Regarding projects under construction and near-term expansion, these companies accumulate more than 1,400 MW of renewables in execution or advanced engineering stages. At the same time, energy storage is gaining prominence within their pipelines, both through the 713 MW awarded in the AlmaGBA storage tender in 2025, at an average price of USD 11,964 per MW-month, and through future projects under the Term Market framework.

Furthermore, Argentina’s energy sector is awaiting the launch of the new AlmaSADI call. Combined with the volume of projects already underway, energy storage is consolidating as the new short-term expansion axis.

The term market: Core driver of expansion

Corporate dynamism is accompanied by a structural shift in regulatory design, as Resolution SE No. 400/2025 marks a turning point by promoting the transition towards private bilateral contracts, reducing the role of CAMMESA as the main off-taker and restoring its function as system operator with marginal cost-based price signals.

The Term Market (MAT) is therefore set to consolidate as the central vehicle for renewable expansion, following its role as the main growth driver in recent years.

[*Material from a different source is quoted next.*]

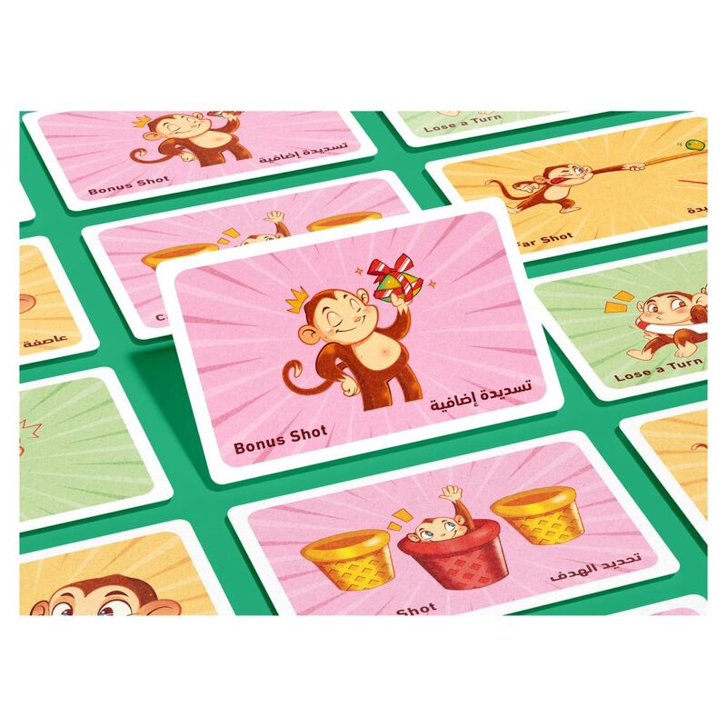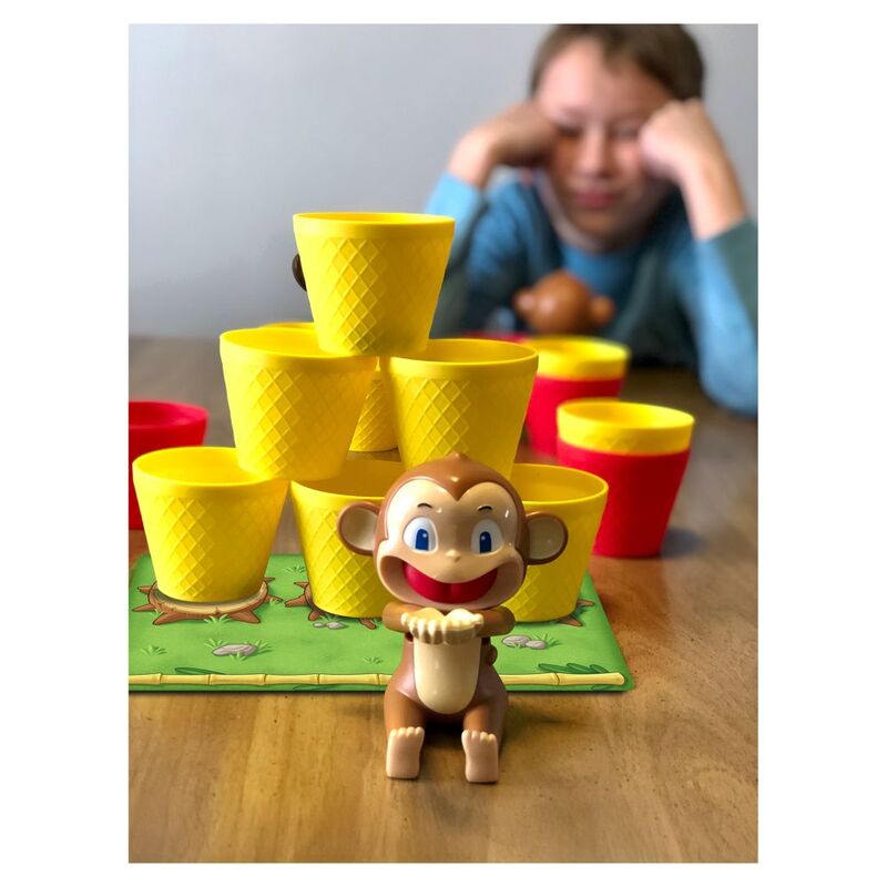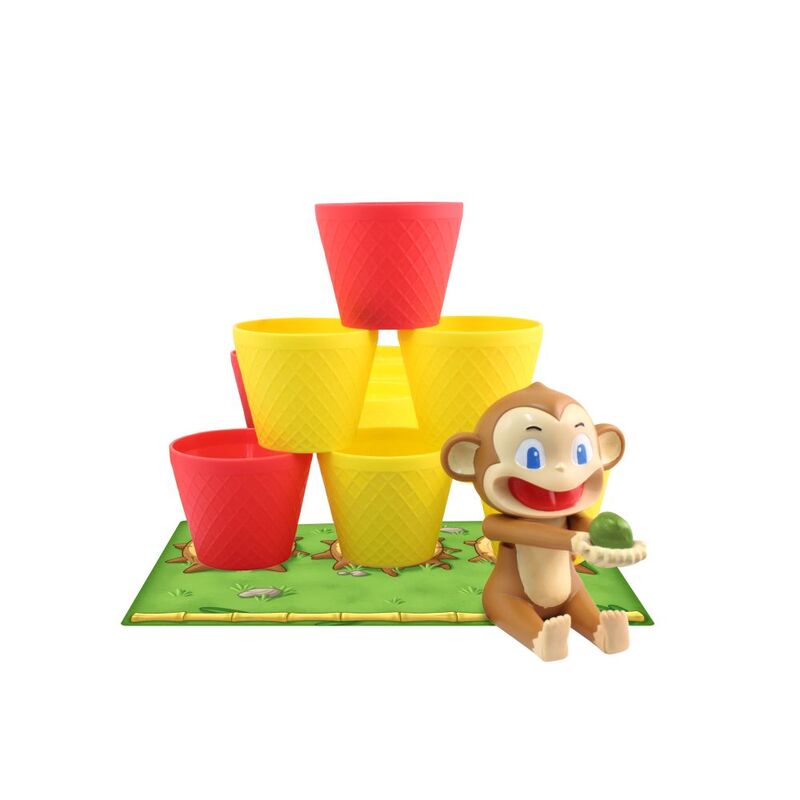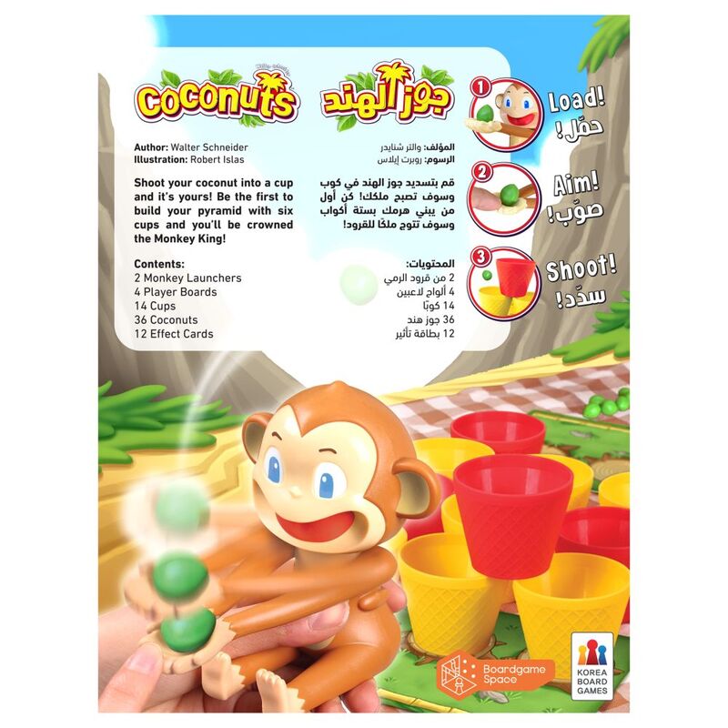 In this game, players launch coconuts toward a field of cups in the middle of the playing area. Land in a cup, and you get to stack it on your player board; land in a cup on someone else's board, and you get to move it to yours! by playing special "Magic Cards", you can force opponents to shoot blind, take long shots, or otherwise block their efforts to cup a coconut. Whoever is first to complete a pyramid of six cups on their player board, wins!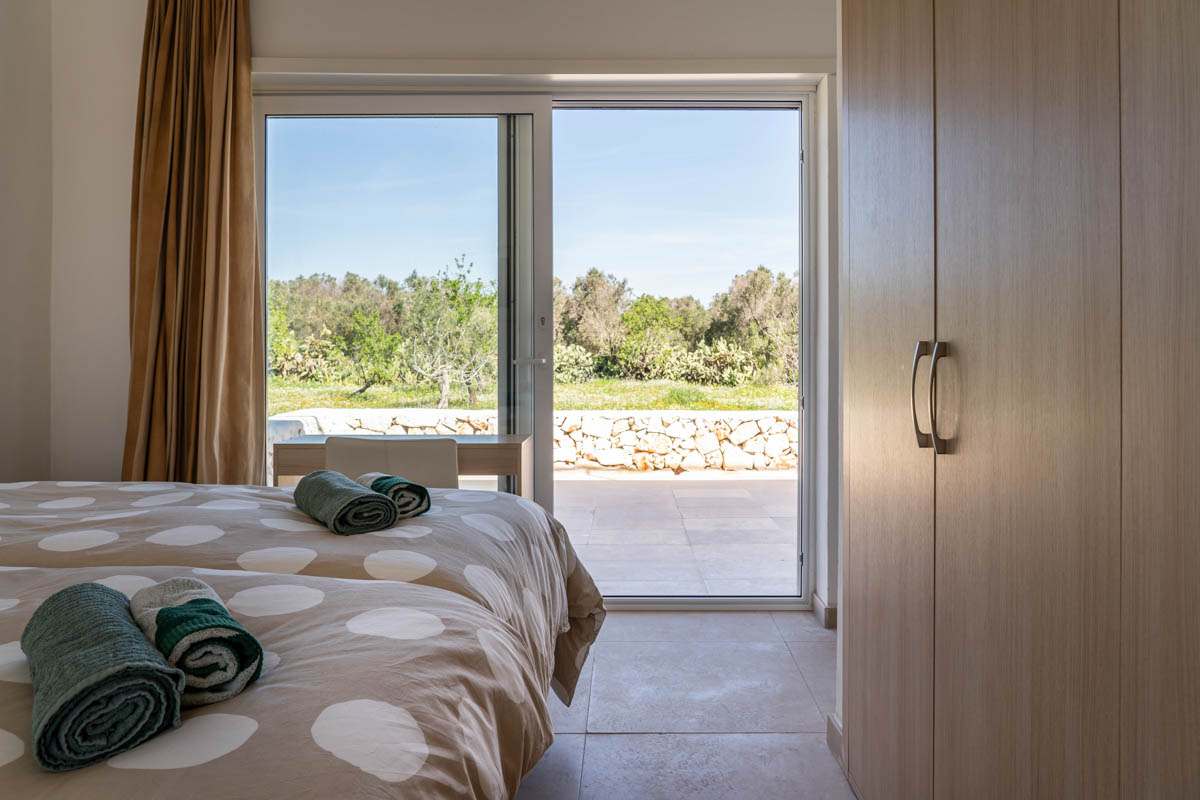 Distance to Carovigno 7 km, Serranova 3 km, Specchiolla 5 km, San Vito dei Normanni 7 km, Ostuni 14 km, Brindisi 24 km Distance to the sea (<5km): 10 minutes cycling, 40 minutes walking, 5 min car drive.

Currently, 136 projects totalling 6,019.7 MW hold dispatch priority, of which 3,726.5 MW correspond to the Full MATER regime (without injection limits) and 2,293.2 MW to the Referential A mechanism, with potential curtailment of up to 8% until transmission works are completed.

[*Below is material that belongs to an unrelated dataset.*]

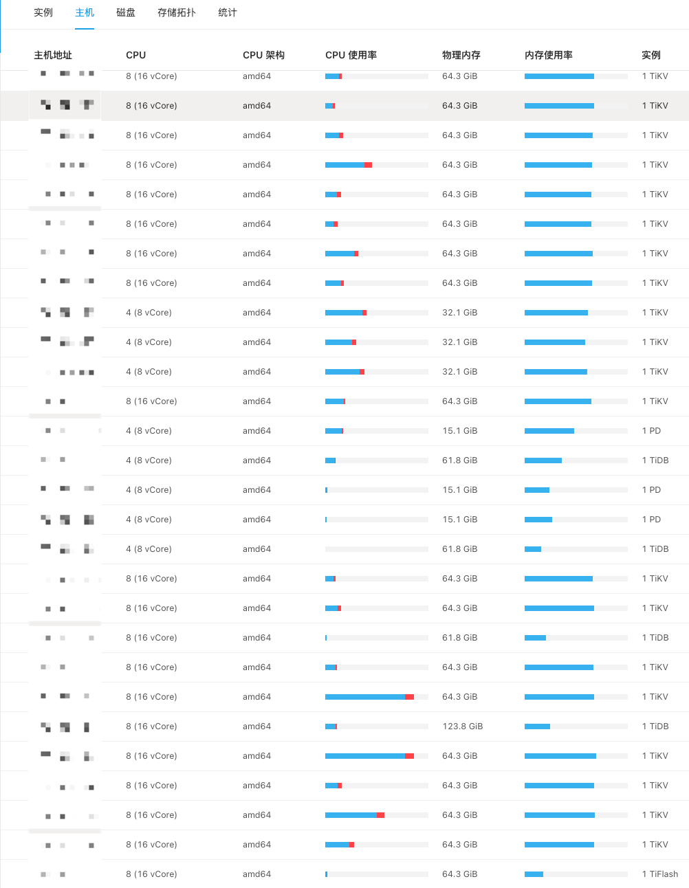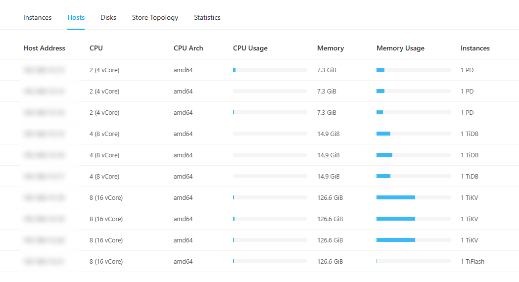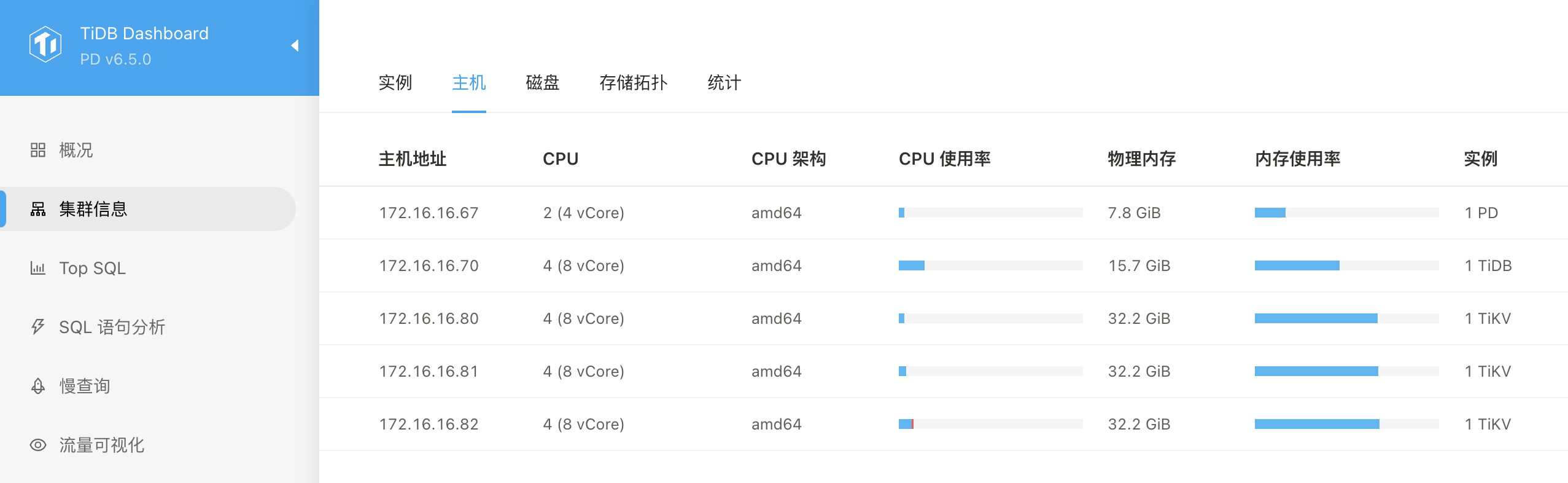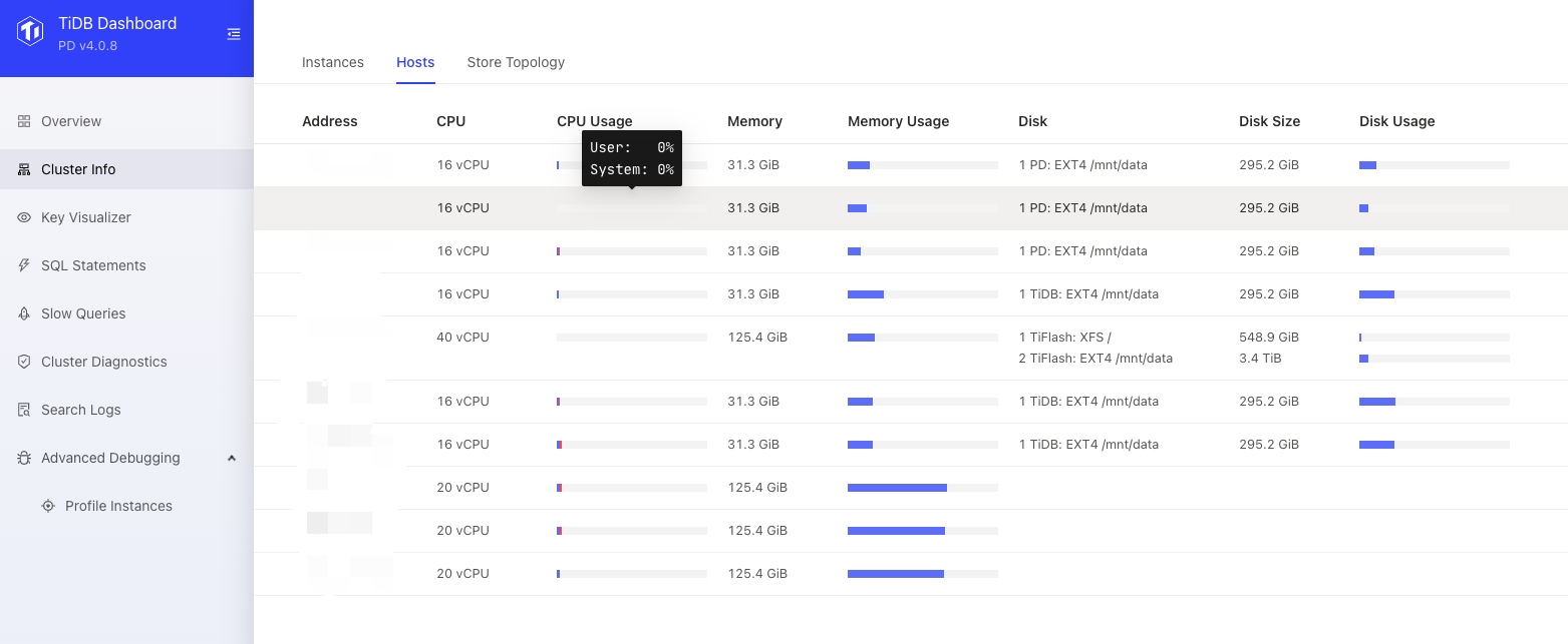 TiDB Dashboard ——>集群信息 (Cluster Info) ——>主机(Hosts)

Additionally, 85 applications representing 3,646.5 MW are seeking dispatch priority, while another 51 awarded projects—totalling more than 2,300 MW—are pending commercial operation. Dispatch priority allocation has thus become the key mechanism for rationing limited grid capacity.

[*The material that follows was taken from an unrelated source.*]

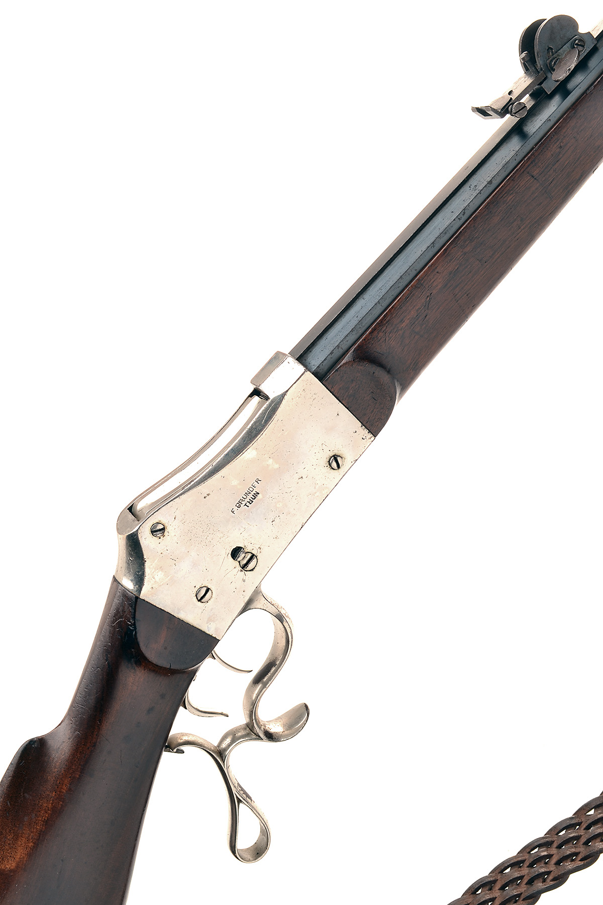 with blued octagonal 34 1/4in. barrel, adjustable sights, plain nickel-plated action signed 'F. GRUNDER, THUN', no provision for peep-sight at wrist, Swiss style walnut butt with raised cheek-piece and hooked heel-plate, complex trigger-guard forming the under-lever, double set triggers and walnut fore-end, fitted with a basket-weave leather sling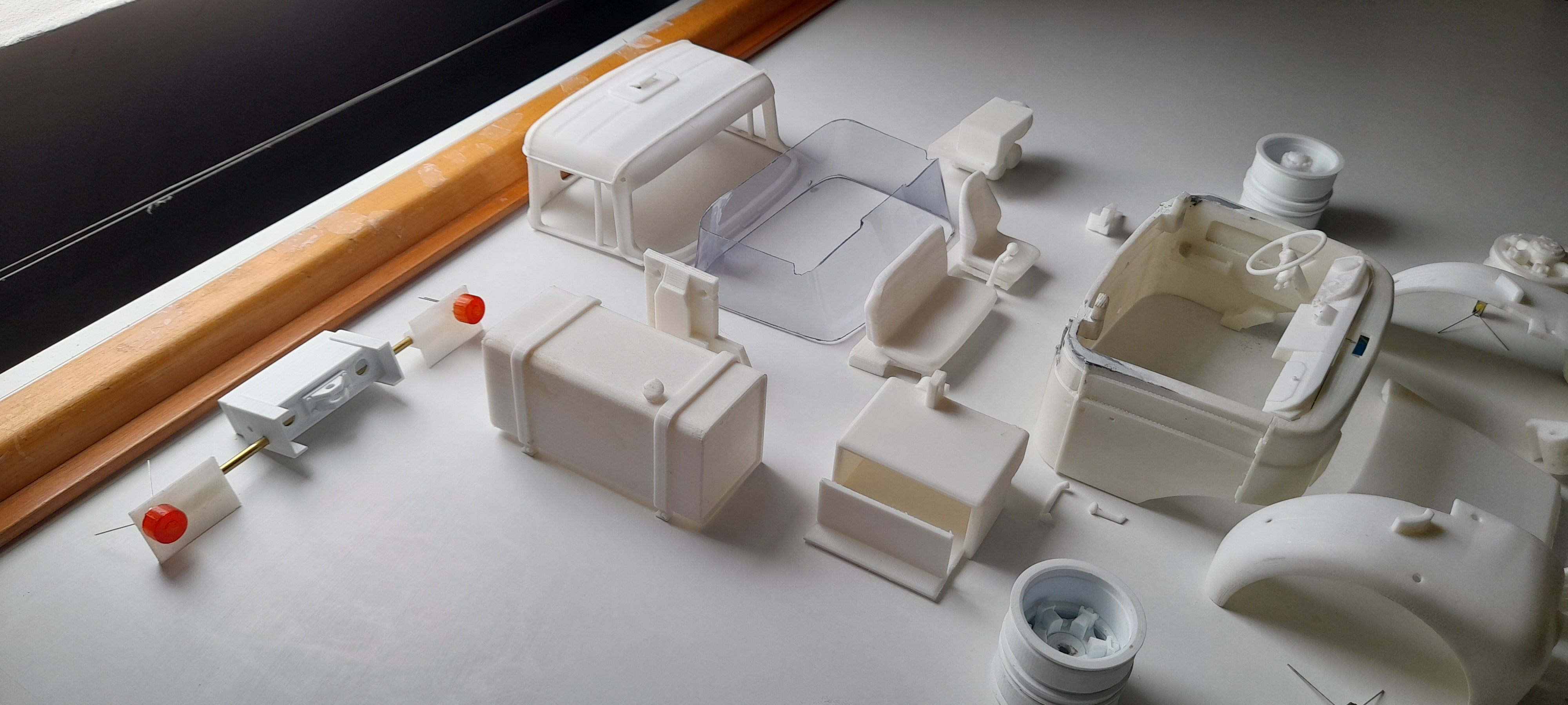 Je pars de plans constructeurs ou de "blueprints" tirés de catalogues officiels des marques pour être au plus juste en termes de dimensions et de proportions. Aucun de mes fichiers ne provient de sites 3D que tout le monde connait ou de copies de fichiers 3D (low poly) « réalisés avec très peu de polygones de numérisation pour ne pas être trop gourmands en mémoire dans le jeu », récupérés sur "EuroTruckSimulator" et modifiés pour en faire des fichiers imprimables.

However, structural expansion ultimately depends on transmission infrastructure. Decree 921/2025 enables a privately financed public works concession model, with repayment through regulated tariff charges. Three priority projects—AMBA I (more than 500 kilometres), the 500 kV Río Diamante–Charlone–O’Higgins line and the 500 kV Puerto Madryn–Choele Choel–Bahía Blanca line—together add more than 1,300 kilometres of high-voltage grid, and will be decisive in unlocking additional capacity.

From a strategic perspective, energy storage represents the fastest execution opportunity with the greatest short-term visibility (1–2 years). Utility-scale generation maintains strong technical potential, although constrained by transmission availability and contractual consolidation (2–4 years). Transmission networks constitute the largest-scale investments with systemic impact, offering regulated returns over a 4–8 year horizon.

Argentina’s power market is therefore undergoing a dual technological and regulatory transition. The combination of corporate leadership, contractual liberalisation, fiscal incentives such as the RIGI framework and private infrastructure concessions is shaping a new competitive balance in which efficient capital allocation will depend on structuring bankable contracts, securing dispatch priority and managing regulatory risk.

Argentina is redefining its electricity market under an open market logic, where opportunity no longer depends solely on natural resource availability, but on the strategic integration of generation, storage and transmission within a context of structural transformation.